Recently, I've been using AI to recommend arXiv papers relevant to my work finetuning VLMs, which has enabled me to discover several useful benchmarks only hours after publication.
Since my last Substack post, where we discussed making sense of 3 different evals, I've found yet another benchmark for assessing visual-spatial reasoning: SIRI-Bench.
I was excited to find the researcher's remark that SpaceQwen:
"is particularly noteworthy. Despite its small size, it shows competitive performance, with 25% of its predictions having errors below 80%."

That's why I'm experimenting with extensions to my AI research discovery engine to go a step beyond ranking relevant results for review and extracting links to project pages and HuggingFace or GitHub repositories.
It's the kind of info you'd find associated with new whitepapers featured in Papers With Code or Huggingface's Daily Papers. However, I want to go further still to automatically smoke-test the code and model artifacts.
My goal was to successfully build a Dockerfile that includes all the required project dependencies for my top recommended paper.
After searching for similar efforts, I found the AI Docker Generator, which prompts an LLM to generate a Dockerfile based on the context of the GitHub repo packaged with repomix.
Fortunately, tools like Repomix or Gitingest allow you to set filters to exclude certain parts of a repo. These filters are crucial because many repositories will include large data files or clone third-party dependencies, either of which can easily exceed the context window limits for any LLM provider.

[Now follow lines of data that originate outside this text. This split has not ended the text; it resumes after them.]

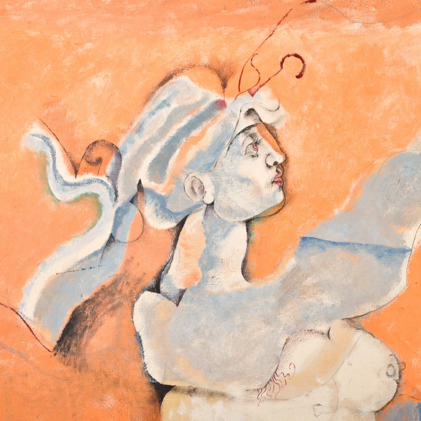 806. EDUARD ARRANZ BRAVO (1941-2023). "Mujer, cabeza de hombre, dos peras y fondo naranja", 1967.
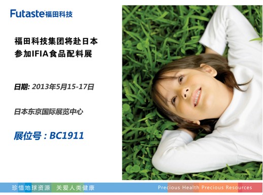 Ifia展是日本最大的食品添加劑和配料及健康食品展覽會,是日本市場最權(quán)威的產(chǎn)品平臺。日本國際食品配料、添加劑及健康食品展覽會(ifia/HFE 2013),將于5月15-17日在日本東京國際展覽中心舉行,屆時我集團(tuán)將赴日參展,展位號為:BC1911,歡迎廣大新老客戶前來參觀指導(dǎo)。
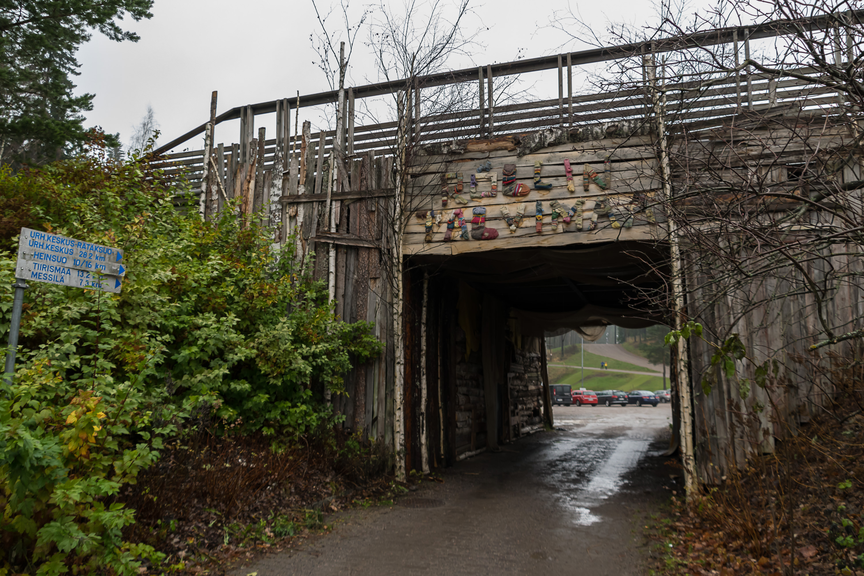 27.Проезд под лыжной трасосй. Над ним написано "Röllin talvimaa" — "Зимняя страна Рёлли". Рёлли-Тролль (Rölli-peikko, Рёлли-Пейкко) — персонаж популярных финских детских фильмов и телепередач. Он, собственно, тролль, который живет в лесу и не любит личную гигиену. В Финляндии он настолько известен, что в голосовании в 2006 году его выбрали лучшим финским вымышленным персонажем в истории — лучше, например, Муми-тролля, Вяйнямёйнена (из "Калевалы") и Рокки (из "Неизвестного солдата"). По-видимому, зимой в течение соревнований тут для детей открываются какие-то аттракционы.

Helping the LLM focus on the most relevant context and limit hallucination, you can set simple rules to ignore specific file extensions or directories like 'third_party.'
However, Dockerfiles generated directly from the LLM can still include bugs and require testing. The team at Docker views agents as a technology worth experimenting with to robustly build Docker images automatically.
A framework like Autogen makes it easy to pass a Dockerfile to an executor to test the build. When we encounter an error, the LLM can be re-prompted with the traceback to iterate over the Dockerfile in a loop.
A smooth build process is a strong signal of the quality and utility of new code releases, and we've seen how an agent can streamline your experimentation and filter for more actionable recommendations.
With a well-built Dockerfile, we're getting closer to running the code in the context of our application and determining where ideas like it fit into what we're building.
Can tools for testing ideas sooner help give you an edge in your AI development?
The competition for AI talent has reached new heights, but we're finding new ways to connect with and learn from fellow travelers in our quest for a deeper understanding.